• _Provided entries_:
___

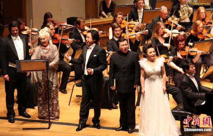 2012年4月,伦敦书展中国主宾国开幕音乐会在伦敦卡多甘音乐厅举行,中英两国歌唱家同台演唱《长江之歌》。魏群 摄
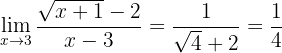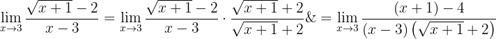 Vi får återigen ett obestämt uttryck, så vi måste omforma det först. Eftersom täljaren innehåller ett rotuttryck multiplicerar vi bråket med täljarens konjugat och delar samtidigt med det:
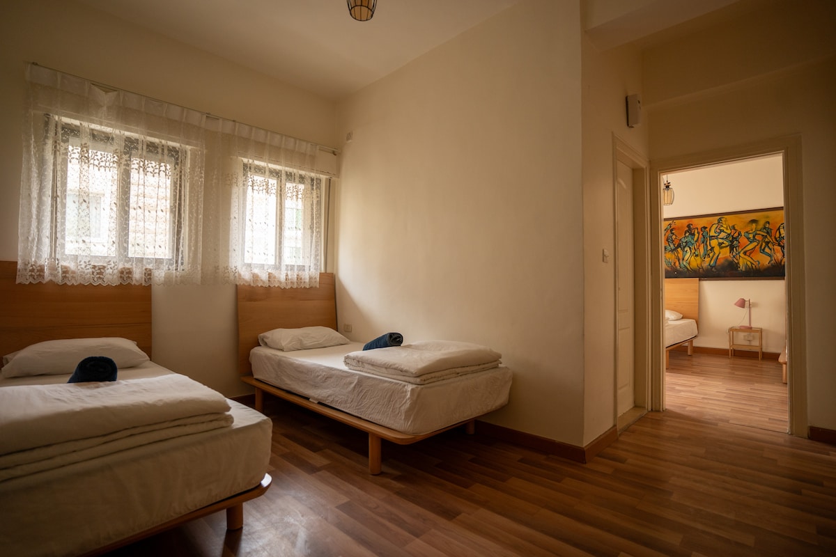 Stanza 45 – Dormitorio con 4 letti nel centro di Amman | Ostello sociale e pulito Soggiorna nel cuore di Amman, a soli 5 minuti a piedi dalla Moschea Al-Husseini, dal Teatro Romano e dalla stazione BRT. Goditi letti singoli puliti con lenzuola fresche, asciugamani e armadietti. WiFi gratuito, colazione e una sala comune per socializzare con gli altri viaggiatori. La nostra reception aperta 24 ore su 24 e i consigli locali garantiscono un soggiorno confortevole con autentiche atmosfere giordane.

___

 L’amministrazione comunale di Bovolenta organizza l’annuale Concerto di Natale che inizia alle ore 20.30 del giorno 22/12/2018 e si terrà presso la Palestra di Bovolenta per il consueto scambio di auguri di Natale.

___

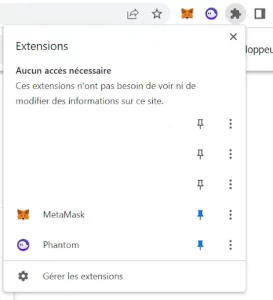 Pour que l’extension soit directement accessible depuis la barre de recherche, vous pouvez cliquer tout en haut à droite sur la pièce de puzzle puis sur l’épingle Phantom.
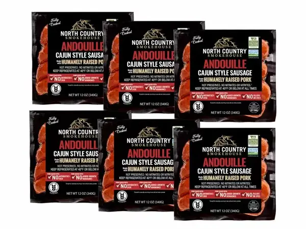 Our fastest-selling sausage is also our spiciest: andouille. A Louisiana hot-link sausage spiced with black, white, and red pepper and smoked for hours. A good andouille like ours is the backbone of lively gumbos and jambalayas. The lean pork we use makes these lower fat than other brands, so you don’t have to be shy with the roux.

___

• _Task details_: Copy back exactly the lines above from the one containing "2012年4月,伦敦书展中国" through the one containing "Stanza 45 –", and leave every picture behind.

• _Solution below_:
 2012年4月,伦敦书展中国主宾国开幕音乐会在伦敦卡多甘音乐厅举行,中英两国歌唱家同台演唱《长江之歌》。魏群 摄
 Vi får återigen ett obestämt uttryck, så vi måste omforma det först. Eftersom täljaren innehåller ett rotuttryck multiplicerar vi bråket med täljarens konjugat och delar samtidigt med det:
 Stanza 45 – Dormitorio con 4 letti nel centro di Amman | Ostello sociale e pulito Soggiorna nel cuore di Amman, a soli 5 minuti a piedi dalla Moschea Al-Husseini, dal Teatro Romano e dalla stazione BRT. Goditi letti singoli puliti con lenzuola fresche, asciugamani e armadietti. WiFi gratuito, colazione e una sala comune per socializzare con gli altri viaggiatori. La nostra reception aperta 24 ore su 24 e i consigli locali garantiscono un soggiorno confortevole con autentiche atmosfere giordane.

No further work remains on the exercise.